My strategy is normally to run **grid.py** with default parameters and then look for small ranges of `-log2c`

and `-log2g`

once the grid task has found best parameters.

```
grid -q scaled_iris.train
```

Result is:

```
$grid -q scaled_iris.train
[local] 5 -7 96.0 (best c=32.0, g=0.0078125, rate=96.0)
[local] -1 -7 68.0 (best c=32.0, g=0.0078125, rate=96.0)
[local] 5 -1 93.0 (best c=32.0, g=0.0078125, rate=96.0)
[local] -1 -1 94.0 (best c=32.0, g=0.0078125, rate=96.0)
[local] 11 -7 98.0 (best c=2048.0, g=0.0078125, rate=98.0)
[local] 11 -1 93.0 (best c=2048.0, g=0.0078125, rate=98.0)
---- Output omitted -----
[local] 13 -5 96.0 (best c=2048.0, g=0.0078125, rate=98.0)
[local] 13 -15 96.0 (best c=2048.0, g=0.0078125, rate=98.0)
[local] 13 3 91.0 (best c=2048.0, g=0.0078125, rate=98.0)
[local] 13 -9 98.0 (best c=2048.0, g=0.0078125, rate=98.0)
[local] 13 -3 94.0 (best c=2048.0, g=0.0078125, rate=98.0)
2048.0 0.0078125 98.0
```

Best C=2048, g = 0.0078125 with Accuracy of 98% on a 5-fold cross validation. With this information we can now train our model on the full train set and produce a model file to be use when predicting the cross-validation set.

```
$svm-train -c 2048 -g 0.0078125 -q scaled_iris.train model.train
```

## Predicting

Once we have our model file, predicting cross-validation or test sets is really easy. For this we’ll use **svm-predict**.

Syntax is a follow:

*svm-predict [options] test_file model_file output_file*

options:

```
-b probability_estimates: whether to predict probability estimates, 0 or 1 (default 0); for one-class SVM only 0 is supported
-q : quiet mode (no outputs)
```

Our prediction code should look:

```
$svm-predict scaled_iris.cv model.train iris.predicted
Accuracy = 100% (50/50) (classification)
```

Predictions are saved in the iris.predicted.

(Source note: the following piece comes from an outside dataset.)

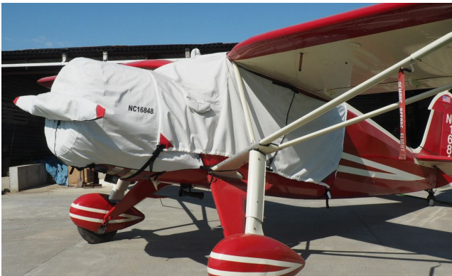
Fairchild 24W Canopy, Engine & Prop Cover

This cover type is made from Silver Acrylic Sunbrella canvas and is 100% lined with a soft and smooth microfiber. Bruce's Custom Covers developed this material combination especially for aircraft protection. The outer material is medium weight and treated for water resistance, UV resistance and anti-static buildup. The inner lining is a very soft and smooth microfiber to prevent scratching. The material is very reflective, and tests show that the cabin interior temperature can be reduced to near-ambient temperature on the hottest of days. It is water, ice and snow repellent, yet breathable to allow moisture to escape from between the cover and the aircraft surface.

We’ve got 100% on accuracy this is normally definitely not always the case.

## Wrap-Up

In summary these are the steps in order to use LIBSVM efficiently:

- Convert data to LIBSVM format
- Conduct simple scaling on the training data. Map scaling to CV and test sets.
- Consider RBF kernel
- Use cross-validation to find the best parameter C and gamma
- Use the best C and gamma to train the whole training set
- Test

I hope you have found useful this tutorial.